Installation was carried out as usual. We check the CentOS bootloader in the UEFI Setup Utility.
We booted into the installed CentOS and made sure that the FS root is on the NVMe disk.
[root@localhost ~]# lsblk NAME MAJ:MIN RM SIZE RO TYPE MOUNTPOINT sda 8:0 0 447.1G 0 disk |-sda1 8:1 0 1M 0 part |-sda2 8:2 0 244M 0 part |-sda3 8:3 0 977M 0 part `-sda4 8:4 0 446G 0 part `-vg0-root 253:3 0 446G 0 lvm sdb 8:16 0 447.1G 0 disk sr0 11:0 1 597M 0 rom nvme0n1 259:0 0 480G 0 disk |-nvme0n1p1 259:1 0 600M 0 part /boot/efi |-nvme0n1p2 259:2 0 1G 0 part /boot `-nvme0n1p3 259:3 0 478.4G 0 part |-cl-root 253:0 0 50G 0 lvm / |-cl-swap 253:1 0 4G 0 lvm [SWAP] `-cl-home 253:2 0 424.4G 0 lvm /home
[root@localhost ~]# uname -a Linux localhost.localdomain 4.18.0-305.3.1.el8.x86_64 #1 SMP Tue Jun 1 16:14:33 UTC 2021 x86_64 x86_64 x86_64 GNU/Linux
We also tested the emulated disk with the fio utility. Here's what happened.

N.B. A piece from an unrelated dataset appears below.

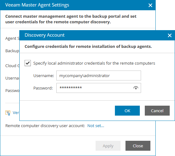 - In the Veeam Master Agent Settings window, click the Remote computer discovery user account link.

Test | AIO bdev, IOPS | Ceph RBD bdev, IOPS |
---|---|---|
randread, 4k, 1 | 1,329 | 849 |
randwrite, 4k, 1 | 349 | 326 |
randread, 4k, 32 | 15 100 | 15,000 |
randwrite, 4k, 32 | 9445 | 9 712 |
Conclusion
"Smart" network cards are a real technical magic that allows not only offloading the central processor from I / O operations, but also "tricking" it, presenting a remote drive as local.
This approach allows you to take advantage of software-defined storage on dedicated servers: at the click of your fingers, transfer disks between servers, resize, take snapshots and deploy ready-made images of operating systems in seconds.